Nowadays, our kids dash off playlists of 50 or more songs in minutes without any real thought at all. They’re disposable, throwaway creations. They may achieve the same thing, but there’s a world of difference between a playlist and a lovingly crafted mixtape. It’s painting-by-numbers versus proper artistry. Bah humbug.
3. Black-and-white TV
What do you mean, you only used to watch TV in black, white and shades of grey?

It gets even better when you have to explain that these old TVs would take 30 seconds or more before the screen properly warmed up and there was no such thing as a remote control.
See also:
- The test card.
- When TV would go off air during the middle of the day. (No Loose Women or Judge Rinder back then …)
- Teletext – Like the internet, but with only a handful of pages, slower and no pictures. Oh, and if you missed one in a series of pages, you might have to wait several minutes for it to scroll round again.
- No ‘live pause’ or starting to play back a recording before it ends.
4. Software icons
It’s amazing how long some of these icons have survived for. Okay, our kids can just about work out why the universal icon for an email is an envelope, but …
- Why are files and folders still represented by an icon depicting a manila folder?

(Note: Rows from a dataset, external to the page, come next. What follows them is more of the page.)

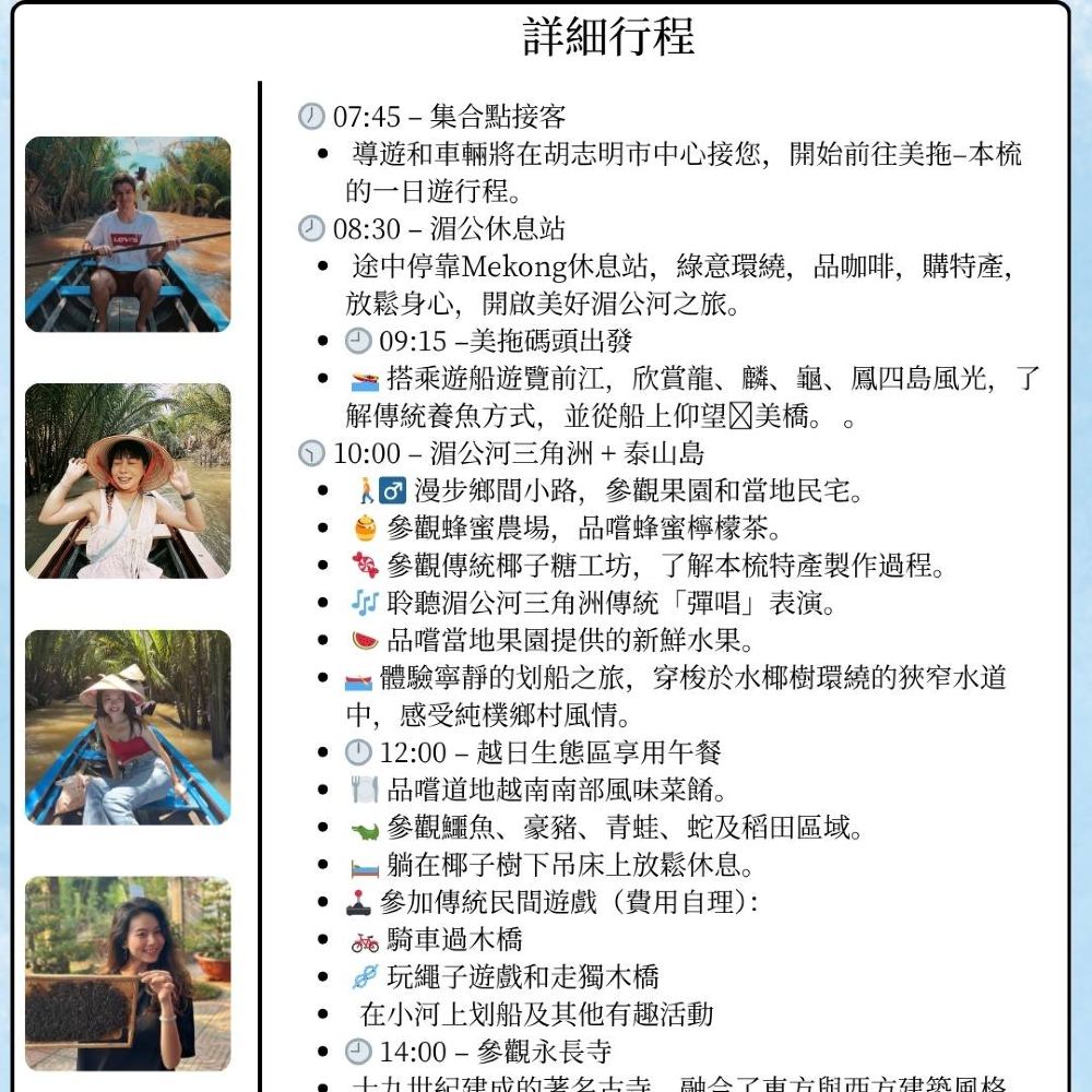 這條線路專為希望體驗越南南部自然風光與鄉村生活的遊客設計,行程安排合理,時間適中,適合家庭、朋友或個人出行。
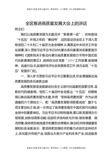 全区推进高质量发展大会上的讲话.docx
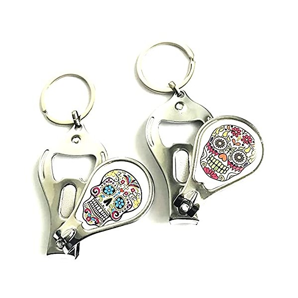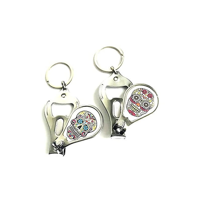 SUREG Sugar Skull Design Nail Clipper Bottle Opener Keychain 2 Pcs Set

- ‘Call’ and ‘end call’ are usually signified by a rotary phone with a dial and its receiver handset
- ‘Save’ is represented by a 3½-inch floppy diskette
And so on …
5. Floppy disks
Speaking of 3½-inch floppy disks (or even their 8 and 5¼-inch predecessors), I remember when we thought how amazing it was that we could fit a massive 1.44 megabytes of data on to something so small. Nowadays, you couldn’t save even a single image from your average smartphone to a floppy – the file size is simply too large.

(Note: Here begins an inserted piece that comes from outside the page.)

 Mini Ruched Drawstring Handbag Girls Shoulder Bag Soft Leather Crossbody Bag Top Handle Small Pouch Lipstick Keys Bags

Modern USB flash drives, which are a fraction of the size, are readily available with a capacity of one terabyte – equivalent to over 694,000 floppy disks.

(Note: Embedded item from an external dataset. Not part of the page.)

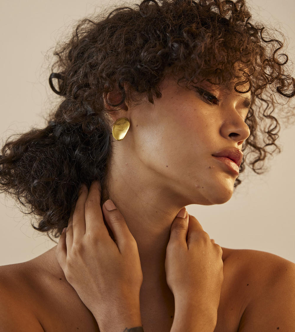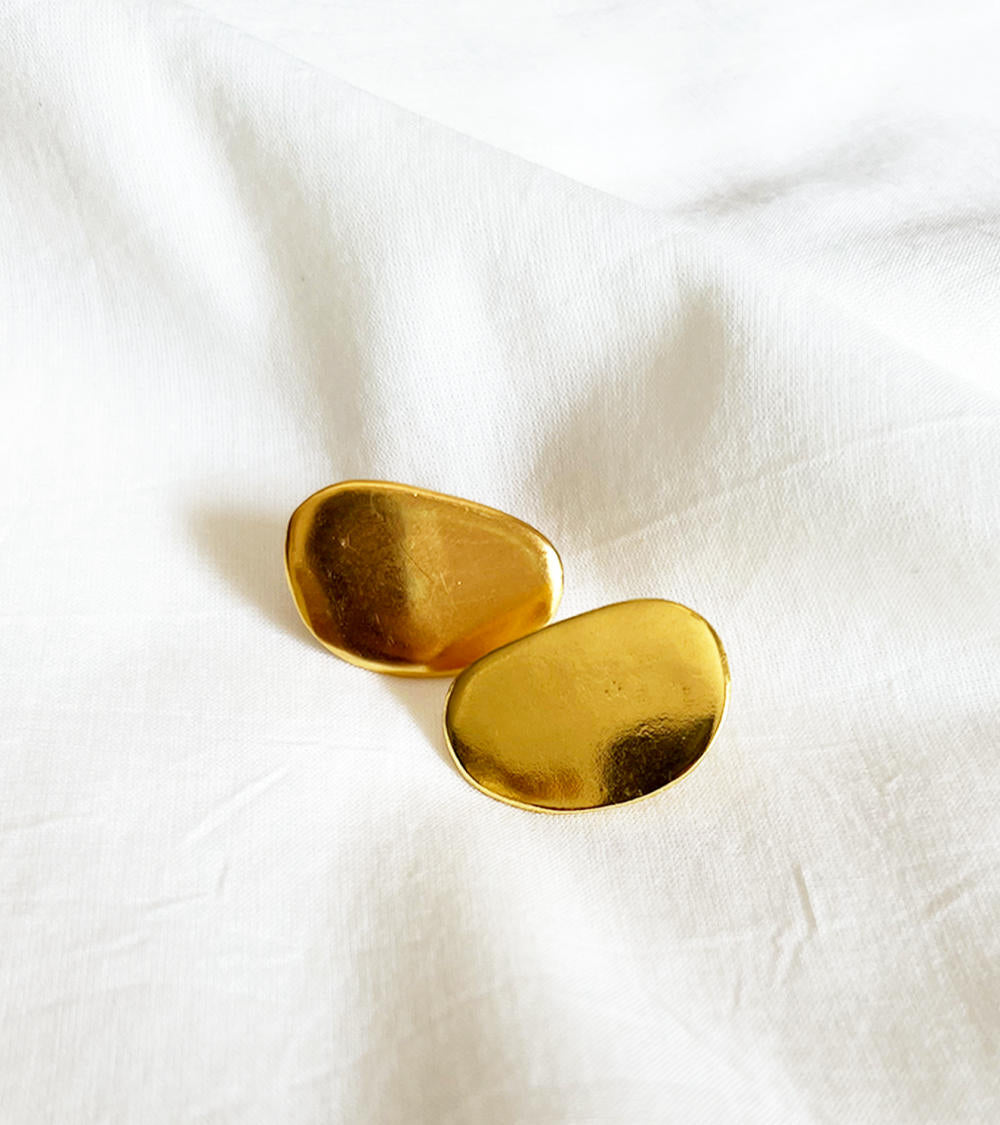 An asymmetrical pair of ear studs that has a unique cutwork and is beautifully crafted to complete your minimalistic look. All our pieces are made in Jaipur, India. Constructed in brass and dipped in 18 karat gold by our artisans. Designed for effortless & minimal styling. Handcrafted in India.
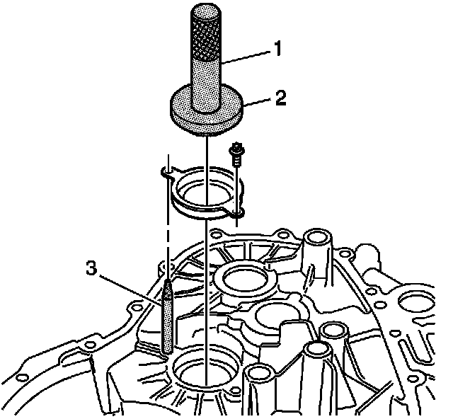 11. Install the output shaft bearing race and bolts using the J 44387-1 (2), J 44387-2 (3), and the J 7079-2 (1).

And if you really want to confuse your children, explain to them that, while 8 and 5¼-inch floppy disks lived up to their name, their 3½-inch successors were rigid and not floppy at all.
6. Pigeon post and internal memos
I finished university just before the internet and emails started to become widespread. Back then, we used an internal mail system called ‘pigeon post’ to send messages between colleges or departments.
This essentially involved writing messages by hand and posting them into a box. These would then be sorted and distributed around town by a network of elderly gentlemen on bikes. Using this system, messages might take a full day to get from A to B – longer if the recipient didn’t check their mail slot regularly.
Nowadays, of course, you would just send an email or fire off a WhatsApp message. Job done.
Similarly, when I started my first job, we used to communicate with colleagues in different departments or buildings by typing up internal memos and sending them in a reusable orange envelope which would then be delivered to the person and department named. Again, this meant messages were usually only received a day later – possibly longer if the recipient was on a different site.
If a message was really urgent, you would send it by fax. (Assuming the machine at the other end was (a) switched on, (b) working and (c) hadn’t run out of paper.)
All this meant that people only wrote to you when they really needed to. As a result, you might only receive half a dozen memos a day. Nowadays, I receive upwards of 100 emails or instant messages every day and the expectation is that we should respond to these instantly (if not sooner). That’s certainly what our kids seem to expect.
I could go on and on with examples similar to the ones above. I’m sure you could name countless others too.
However, doing this exercise goes to show that, while some aspects of our earlier lives may seem completely alien to today’s kids, they weren’t necessarily worse.
Good God, I really have turned into one of those rose-tinted spectacle-wearing “When I was a lad …” types, haven’t I?